The serious illness of a six year old farm girl was the beginning of the
road which lead to Congress' passage of the Superfund law. The horse arena
site is being cleaned up under Superfund
for a cost of $2.8 million. Far greater pollution from the same source
caused the evacuation of Times
Beach, MO in one of the biggest ($48
million) and most contentious Superfund cases, and the case is still
boiling. Posted 6/8/99.
1975
October 17,
Memo on Policy Implications of Sewage Sludge on Hazardous Waste Regulation.
Sometimes my prescience frightens me. I wrote this memo before the
passage of RCRA warning
that because of the EPA policy to encourage the use of sewage sludge as
fertilizer, there would be a conflict over including sewage sludge as a
hazardous waste, which it frequently is. I asked the question "Will
we fail to adequately regulate industrial wastes for fear of compromising
EPA's policy on municipal sludge?" Three
years later the answer was yes. Posted 4/10/99.
March 7, Damage
Report on Industrial Waste Disposal on Farmland in Illinois.

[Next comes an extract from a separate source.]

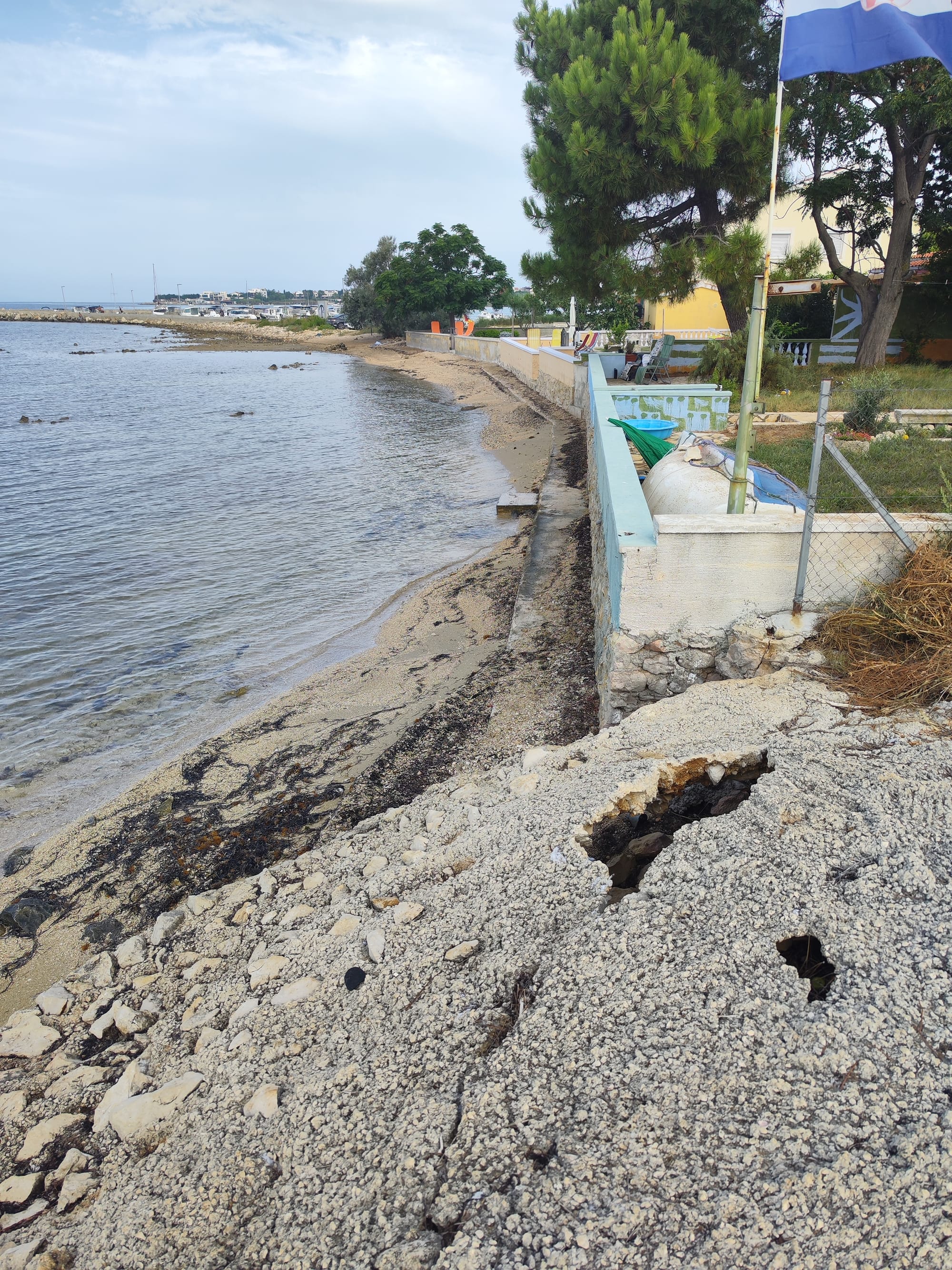 2) su sagradili ograde skroz do mora i proširili dvorišta. Izgleda da su se preračunali i sada im nedostaje plaže pa si nasipaju šljunak. Vide se hrpe šljunka ispred jednog ulaza. Na izvatku izgleda kao da imaju par kvadrata ispred kuće. Naravno da ostavljaju ležaljke, ali to je najmanji problem. Ovaj “put” ispred ograda je pod vodom za vrijeme jače plime.
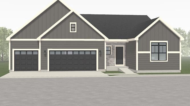 Tim O'Brien Homes Lavender plan boasts an open living in the great room, kitchen & dining. Quartz countertops and large pantry make this large kitchen a chef's dream. LVP flooring throughout main floor main living spaces. Cozy fireplace in the great room. The primary bedroom is a split floor plan and features en suite bath with tiled shower and two walk in closets! 2 additional bedrooms, one with walk in closet. Plenty of storage in the 3-car garage. Healthy home HRV air system in this green built home. Located in Bear Tree Farms featuring a community splash pad, pickleball court, park, walking trails & more! Photos of similar model.

In
order to acquaint Congress and the public with the need for legislation
to control hazardous waste I had my staff research and write up a series
of damage reports illustrating the hazardous waste problem. By 1975
we had collected a dossier on over 400 hazardous waste disaster sites,
which had grown to over 600 by 1978, most of which ended up on the National
Priorities List. Many in EPA sloughed these off as mere anecdotes,
but Congress must have taken it seriously as RCRA was passed shortly
afterward citing these reports in the Legislative History. I've printed
two of the reports here. This first one deals with 1,511 drums of
metal
finishing wastes containing arsenic, cadmium, chromium, cyanide and
phenols which were dumped on farmland killing cattle and destroying wildlife.
Under the name Byron
Salvage Yard this has since become a 20 acre Superfund site with an
estimated clean-up cost of over $1 million. Posted 6/7/99.

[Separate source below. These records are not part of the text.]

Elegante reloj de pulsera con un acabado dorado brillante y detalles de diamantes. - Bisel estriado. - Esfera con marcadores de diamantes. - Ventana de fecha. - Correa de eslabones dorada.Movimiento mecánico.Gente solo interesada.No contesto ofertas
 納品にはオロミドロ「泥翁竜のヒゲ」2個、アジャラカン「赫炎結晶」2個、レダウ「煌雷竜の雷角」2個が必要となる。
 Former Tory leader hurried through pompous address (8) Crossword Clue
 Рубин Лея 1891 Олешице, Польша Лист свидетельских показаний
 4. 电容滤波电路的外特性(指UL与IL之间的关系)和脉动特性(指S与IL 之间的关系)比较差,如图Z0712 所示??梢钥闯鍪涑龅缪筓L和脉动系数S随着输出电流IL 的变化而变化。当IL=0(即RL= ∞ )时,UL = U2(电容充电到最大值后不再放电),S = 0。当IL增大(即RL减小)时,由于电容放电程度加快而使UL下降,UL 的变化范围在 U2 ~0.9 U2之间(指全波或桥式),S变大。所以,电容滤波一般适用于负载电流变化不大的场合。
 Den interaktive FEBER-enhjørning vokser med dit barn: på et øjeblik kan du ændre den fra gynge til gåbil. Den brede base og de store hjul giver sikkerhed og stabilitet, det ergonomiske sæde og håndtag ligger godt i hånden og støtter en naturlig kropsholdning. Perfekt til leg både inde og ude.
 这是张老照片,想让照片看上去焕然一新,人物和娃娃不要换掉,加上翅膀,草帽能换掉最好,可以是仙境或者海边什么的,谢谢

February 3, Remarks by Mr. Roger Strelow Before The National Conference on Management And Disposal of Residues From The Treatment of Industrial Waste Waters. This is a speech I wrote for the Assistant Administrator which lays out the rationale and approach to hazardous waste management which we were pursuing before the passage of RCRA. It still reads good today. I especially like the line "Our environmental laws and regulations are like the walls of an ancient city, built in pieces by different people at different times for different purposes." Posted 6/9/99.